I pause and glance over my shoulder, at the light from the main road I had exited a minute before. I stand there, contemplating my options. I try to think of what a girl in a horror movie would do, knowing that a smart girl would do the opposite. The horror girl would go down the alley, possibly calling out “hello” along the way. I smile and turn back toward the light, laughing at my own foolish decision.

But, when I take a step, I do not move forward. It’s like I’m glued to the spot, trapped between the darkness of the alley and the light of freedom. I move my foot again, convinced that I’m so tired I never tried to move to begin with, but the results are the same. I’m still here, trapped in the watery light in the alley.

I open my mouth, ready to scream from fear or frustration—I really can’t tell at this point—when an icy breeze ghosts across the side of my face and a voice whispers in my ear “Whatever you do, don’t turn around.”

I freeze instantly, somewhat from surprise, but mostly because I have the sinking feeling in my stomach that I’m not alone. There’s someone, something, here with me, and whatever it is, it isn’t human. Icy fingers snake over my shoulder, up the side of my neck, and cup my jaw, but I still don’t move.

I think about attempting to run, to bolt down the dark half of the alley, and moving on with the rest of my night, but my heart is racing, the blood pumping too furiously in my ears. For most people, adrenaline boosts them. For me, it turns out it makes me complacent.

“You want to be free, don’t you?” the eerie voice whispers in my ear.

Very slowly, I bob my head up and down, tendrils of black hair spilling out of my messy bun.

The fingers move again, trailing in the opposite direction they had first traveled. “Then you must listen to me and not look back. Only forward.”

All I can think about is how much I want to get out of the alley, but I’m still too petrified to do much besides blink and wait for the creature to speak again.

“Move toward the light. Stay in the light. Hurry home and never look back,” the voice whispers, and the fingers disappear, but I have the feeling that the creature is still lurking behind me, watching me.

I’m too afraid to look back and see. What would happen if I did look back? If I saw the icy creature beside me? I am absolutely insane, I think and raise a shaking hand to my forehead. I just need sleep is all. The skin on my face is ice cold.

“Go now!” the voice urges, desperation hardening the raspy tone.

I don’t need to be told a third time. My foot lifts and moves away from the spot I had been frozen too. Trotting at first, it’s not long before I’m full blow running out of the mouth of the alley, gaining the looks of everyone around me.
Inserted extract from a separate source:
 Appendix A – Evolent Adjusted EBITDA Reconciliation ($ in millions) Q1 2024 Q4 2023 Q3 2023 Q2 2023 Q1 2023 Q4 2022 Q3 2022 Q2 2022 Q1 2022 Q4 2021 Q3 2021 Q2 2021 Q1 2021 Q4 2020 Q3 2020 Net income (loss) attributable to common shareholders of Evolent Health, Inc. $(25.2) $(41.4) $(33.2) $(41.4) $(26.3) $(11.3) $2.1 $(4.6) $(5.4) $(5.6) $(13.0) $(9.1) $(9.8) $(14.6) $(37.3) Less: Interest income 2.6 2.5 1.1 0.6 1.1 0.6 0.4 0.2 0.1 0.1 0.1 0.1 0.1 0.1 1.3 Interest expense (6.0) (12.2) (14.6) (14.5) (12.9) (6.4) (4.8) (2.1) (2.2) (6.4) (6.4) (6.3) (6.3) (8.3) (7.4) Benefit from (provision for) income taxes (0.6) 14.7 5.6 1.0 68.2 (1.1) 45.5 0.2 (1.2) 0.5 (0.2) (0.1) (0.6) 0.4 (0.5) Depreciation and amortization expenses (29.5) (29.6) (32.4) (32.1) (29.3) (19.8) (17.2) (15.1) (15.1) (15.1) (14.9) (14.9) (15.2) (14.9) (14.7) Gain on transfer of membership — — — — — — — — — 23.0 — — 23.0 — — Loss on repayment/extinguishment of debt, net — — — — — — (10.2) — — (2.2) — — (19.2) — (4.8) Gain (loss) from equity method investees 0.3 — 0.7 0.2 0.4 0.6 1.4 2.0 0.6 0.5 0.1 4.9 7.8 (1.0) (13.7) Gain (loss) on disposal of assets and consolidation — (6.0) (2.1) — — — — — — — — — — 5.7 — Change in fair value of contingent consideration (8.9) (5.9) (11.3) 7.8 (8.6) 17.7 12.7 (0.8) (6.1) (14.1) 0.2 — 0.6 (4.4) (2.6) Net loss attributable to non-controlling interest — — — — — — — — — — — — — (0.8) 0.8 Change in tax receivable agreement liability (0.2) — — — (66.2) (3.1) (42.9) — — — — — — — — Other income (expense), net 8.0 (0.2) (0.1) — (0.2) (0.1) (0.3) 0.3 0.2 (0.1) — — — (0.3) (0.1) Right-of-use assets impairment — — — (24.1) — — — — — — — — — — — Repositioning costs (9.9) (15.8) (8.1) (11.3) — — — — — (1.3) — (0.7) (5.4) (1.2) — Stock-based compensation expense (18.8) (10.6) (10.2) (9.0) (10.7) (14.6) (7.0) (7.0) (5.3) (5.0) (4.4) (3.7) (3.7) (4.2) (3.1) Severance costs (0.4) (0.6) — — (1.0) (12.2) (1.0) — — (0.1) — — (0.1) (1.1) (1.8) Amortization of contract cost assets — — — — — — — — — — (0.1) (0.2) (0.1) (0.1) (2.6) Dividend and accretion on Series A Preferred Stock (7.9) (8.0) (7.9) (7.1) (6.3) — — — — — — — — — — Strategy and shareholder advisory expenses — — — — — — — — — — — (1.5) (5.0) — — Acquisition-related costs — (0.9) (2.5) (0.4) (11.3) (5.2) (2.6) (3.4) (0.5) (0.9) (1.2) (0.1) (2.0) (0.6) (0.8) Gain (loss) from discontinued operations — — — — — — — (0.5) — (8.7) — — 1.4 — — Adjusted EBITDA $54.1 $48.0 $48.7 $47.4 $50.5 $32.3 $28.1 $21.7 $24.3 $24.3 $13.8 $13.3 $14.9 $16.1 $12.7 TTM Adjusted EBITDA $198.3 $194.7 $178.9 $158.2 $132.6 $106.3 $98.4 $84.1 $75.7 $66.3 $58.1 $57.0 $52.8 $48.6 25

I hardly notice. I’m tempted to look over my shoulder, to see what I left behind, but there’s a niggling in the pit of my stomach that warns against it.
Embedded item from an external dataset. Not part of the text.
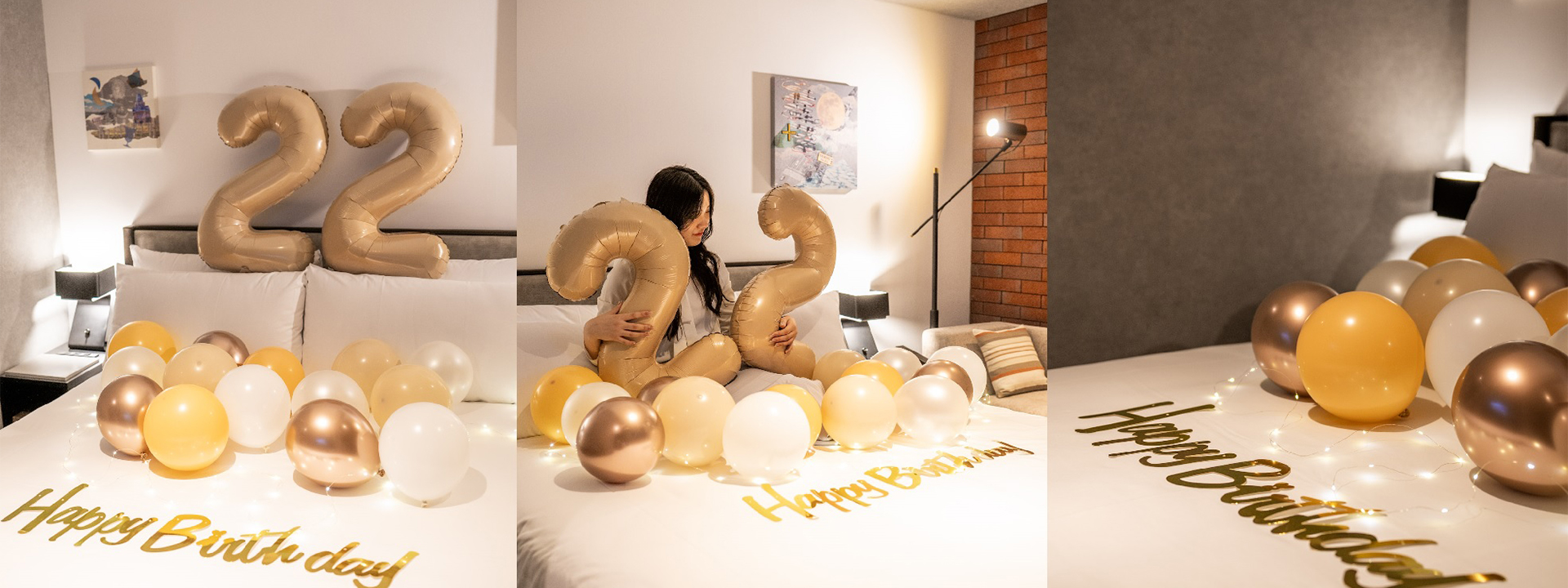 お部屋に⾜を踏み⼊れた瞬間、⽬に⾶び込んでくるのは、⼤きなナンバーバルーン。ベッド上のアニバーサリーバナーは、特別な日を祝福するための一言。夢のような空間がお部屋全体に広がります。ご家族・ご友人・パートナーとの最高の思い出にご利用ください。

I bump into a man just as I begin to slow my run and turn toward him slightly. “I’m sorry!”

He looks at me, shrugs his shoulders, and continues onward without a word. When I realize he’s headed toward the alley I just ran from, I reach out, my fingers grasping into the rough fabric of his jacket over his elbow, and he stops, looking at me through eyes narrowed in suspicion.

I pull my hand away quickly as I say, “I’m sorry again, but don’t…” I stop, trying to gather myself. What can I tell this man? Don’t go in the alley because there’s a ghost in there? He’ll laugh in my face.

The man smiles for a second, and I think Here it comes but he doesn’t speak. The smile is one of genuine irritation. He scoffs after a minute of silence and continues walking onward, set on his path. I take in a breath, feeling as if I’m drowning without water, and consider going after him, but I don’t want to even risk a glance in the direction of the alley.

So, I do the only thing I can do. I walk away. A second later, I hear the blast of a gun, the sound echoing down the blackness of the alley, and I hold a hand over my heart, knowing something I shouldn’t.

The creature in the alley had saved my life.